Top of Data
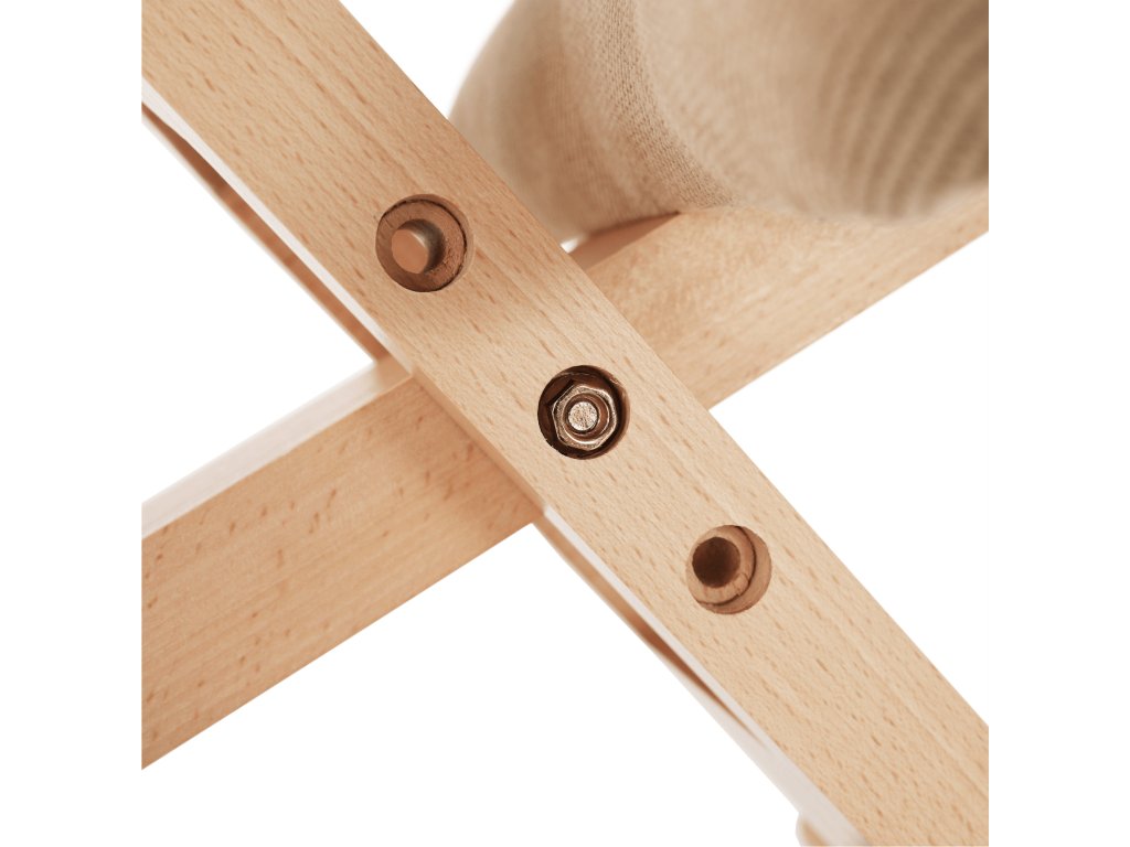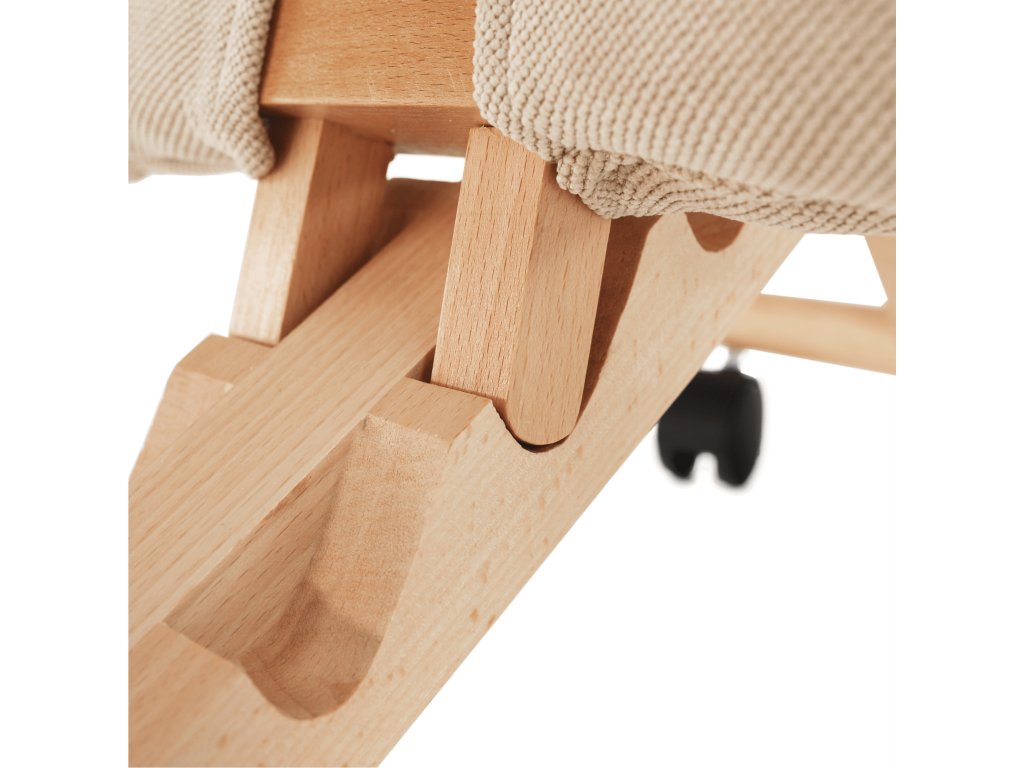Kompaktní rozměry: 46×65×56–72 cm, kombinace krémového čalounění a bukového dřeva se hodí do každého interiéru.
Bottom of Data
Top of Data
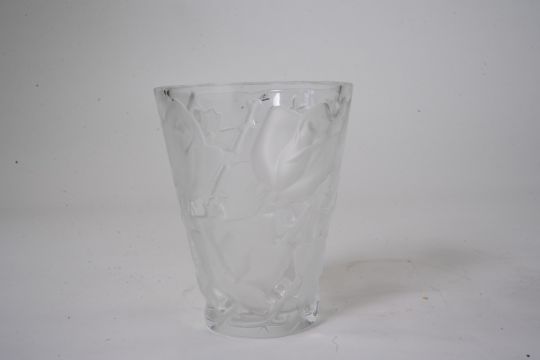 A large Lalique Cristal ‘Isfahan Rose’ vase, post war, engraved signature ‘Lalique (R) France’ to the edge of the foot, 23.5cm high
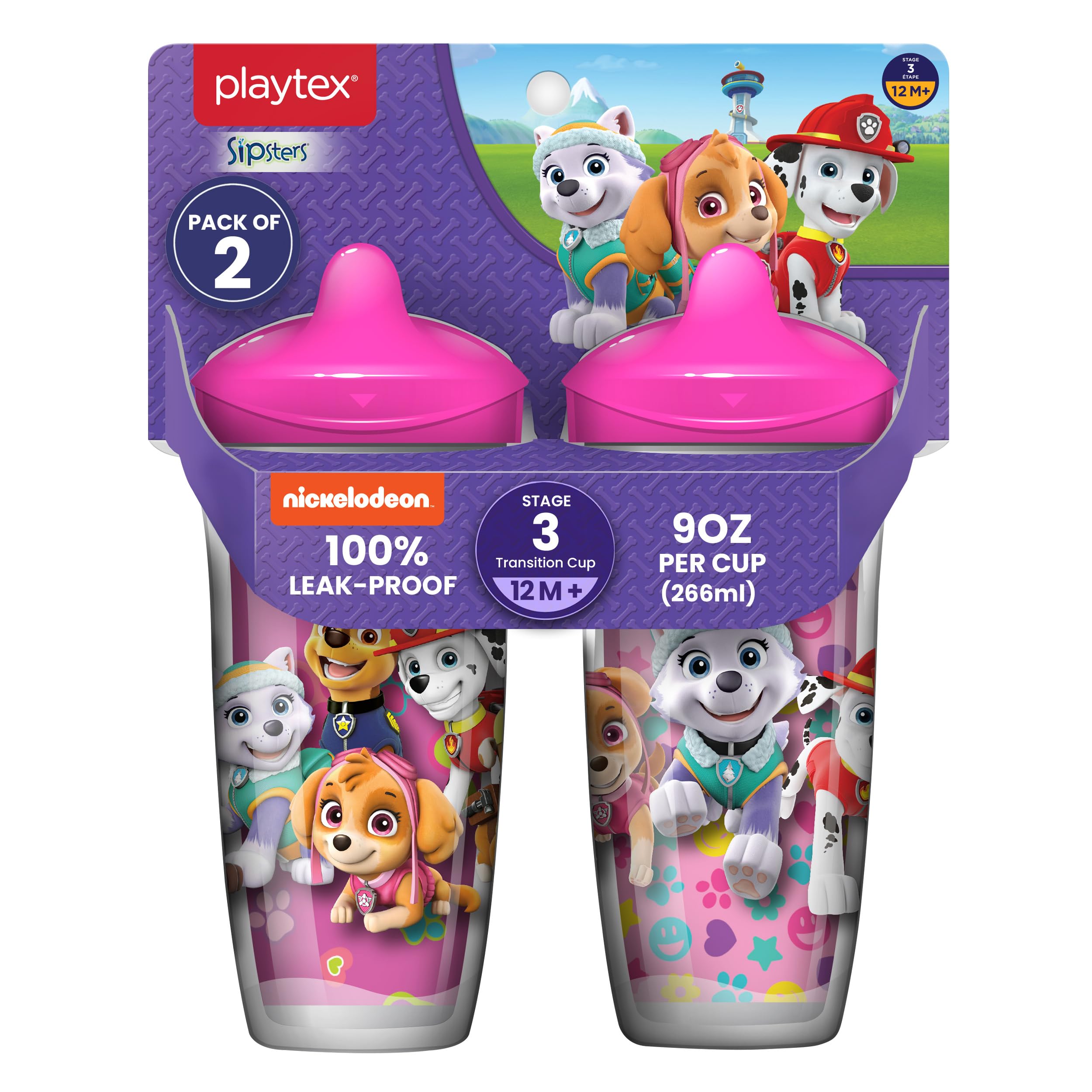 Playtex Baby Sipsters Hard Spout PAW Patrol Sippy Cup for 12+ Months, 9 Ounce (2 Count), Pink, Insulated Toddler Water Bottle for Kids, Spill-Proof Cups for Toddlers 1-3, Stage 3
Bottom of Data
Top of Data
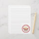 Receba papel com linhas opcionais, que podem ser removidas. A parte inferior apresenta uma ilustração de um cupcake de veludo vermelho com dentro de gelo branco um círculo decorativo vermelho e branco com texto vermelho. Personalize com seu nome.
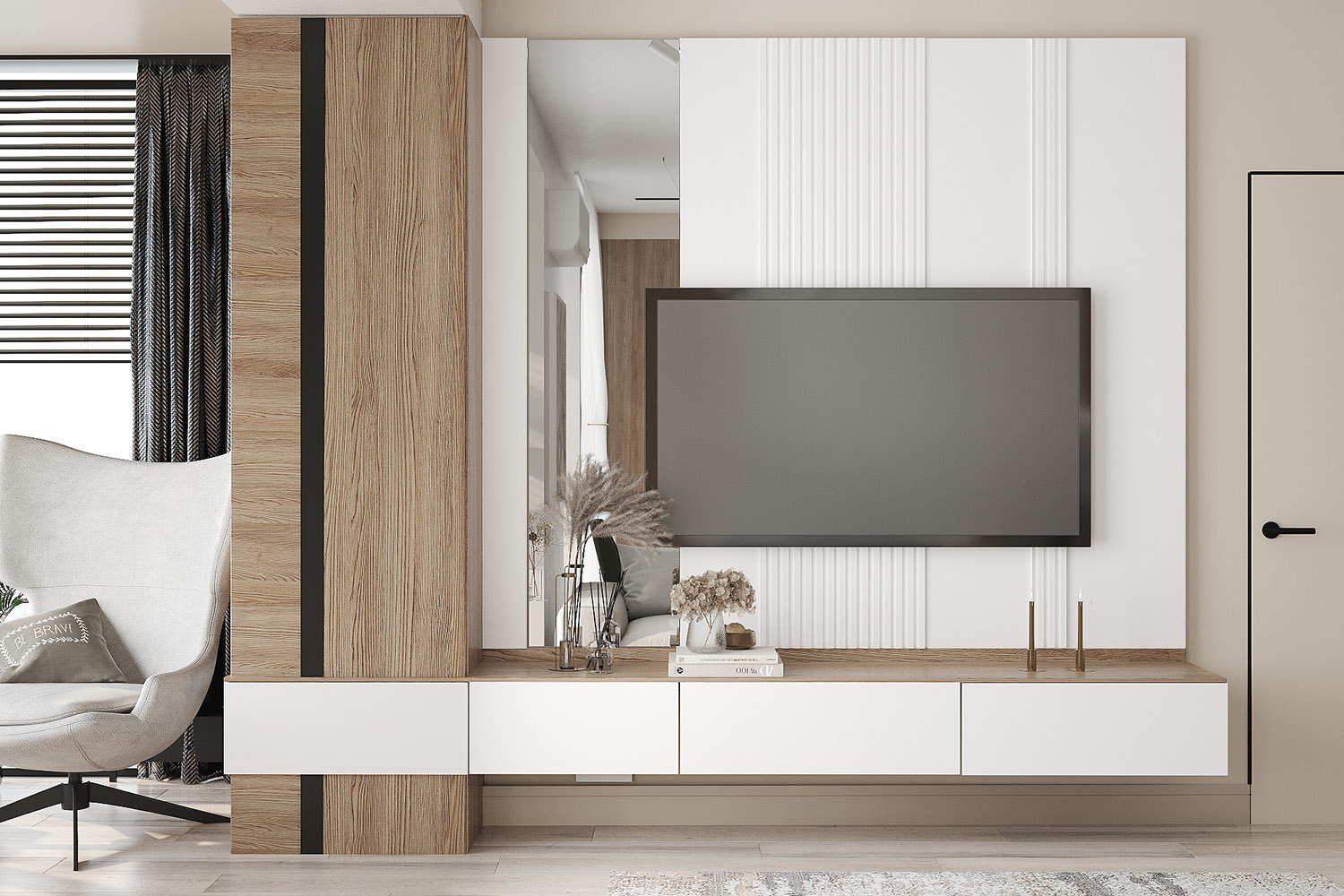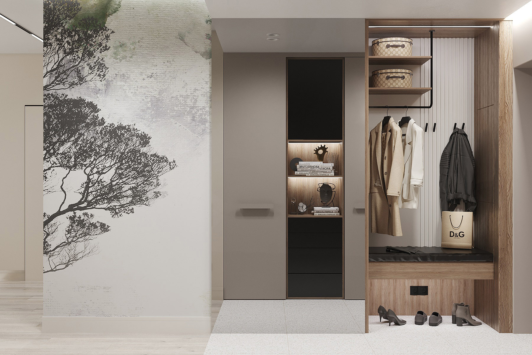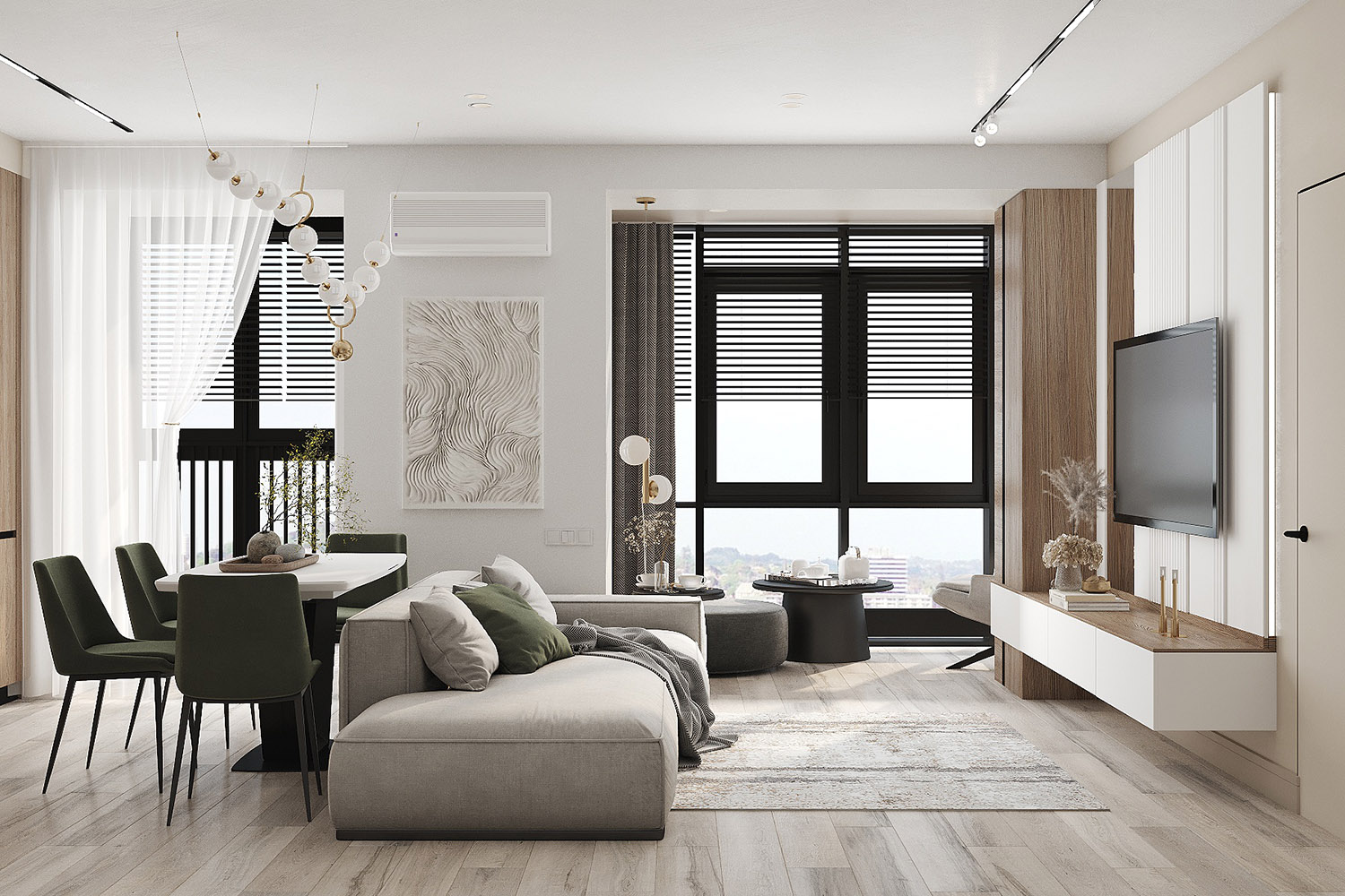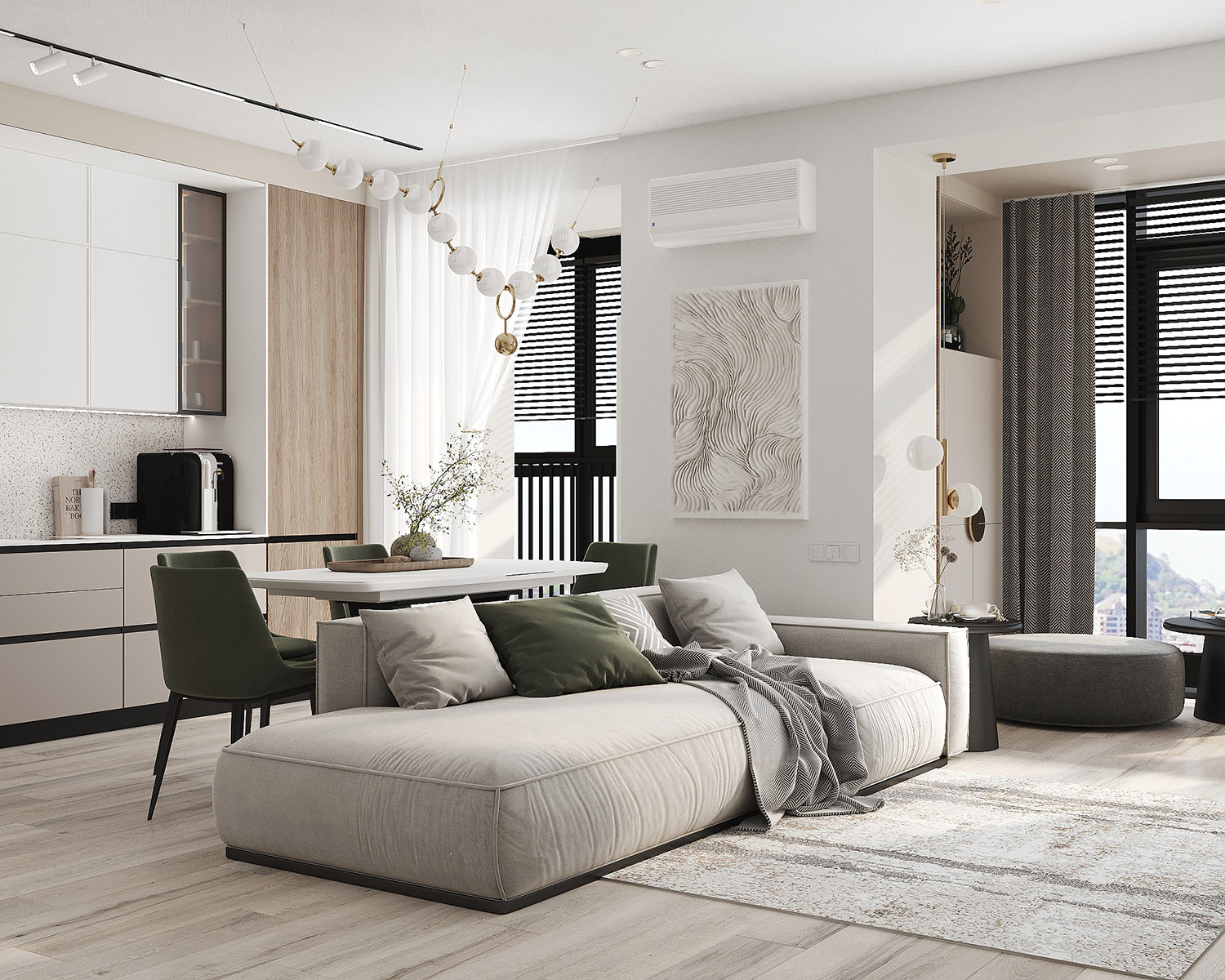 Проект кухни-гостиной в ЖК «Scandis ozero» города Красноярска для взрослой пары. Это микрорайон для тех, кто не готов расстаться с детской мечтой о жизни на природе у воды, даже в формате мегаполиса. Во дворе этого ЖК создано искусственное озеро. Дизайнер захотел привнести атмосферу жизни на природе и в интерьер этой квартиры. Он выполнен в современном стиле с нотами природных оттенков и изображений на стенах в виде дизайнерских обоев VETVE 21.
Bottom of Data
| What you have to do |
Copy needed, without pictures: the lines of the listing above from the line containing "Receba papel com" up to and including the line containing "Проект кухни-гостиной в", set down exactly.

| Exercise answer |
 Receba papel com linhas opcionais, que podem ser removidas. A parte inferior apresenta uma ilustração de um cupcake de veludo vermelho com dentro de gelo branco um círculo decorativo vermelho e branco com texto vermelho. Personalize com seu nome.
 Проект кухни-гостиной в ЖК «Scandis ozero» города Красноярска для взрослой пары. Это микрорайон для тех, кто не готов расстаться с детской мечтой о жизни на природе у воды, даже в формате мегаполиса. Во дворе этого ЖК создано искусственное озеро. Дизайнер захотел привнести атмосферу жизни на природе и в интерьер этой квартиры. Он выполнен в современном стиле с нотами природных оттенков и изображений на стенах в виде дизайнерских обоев VETVE 21.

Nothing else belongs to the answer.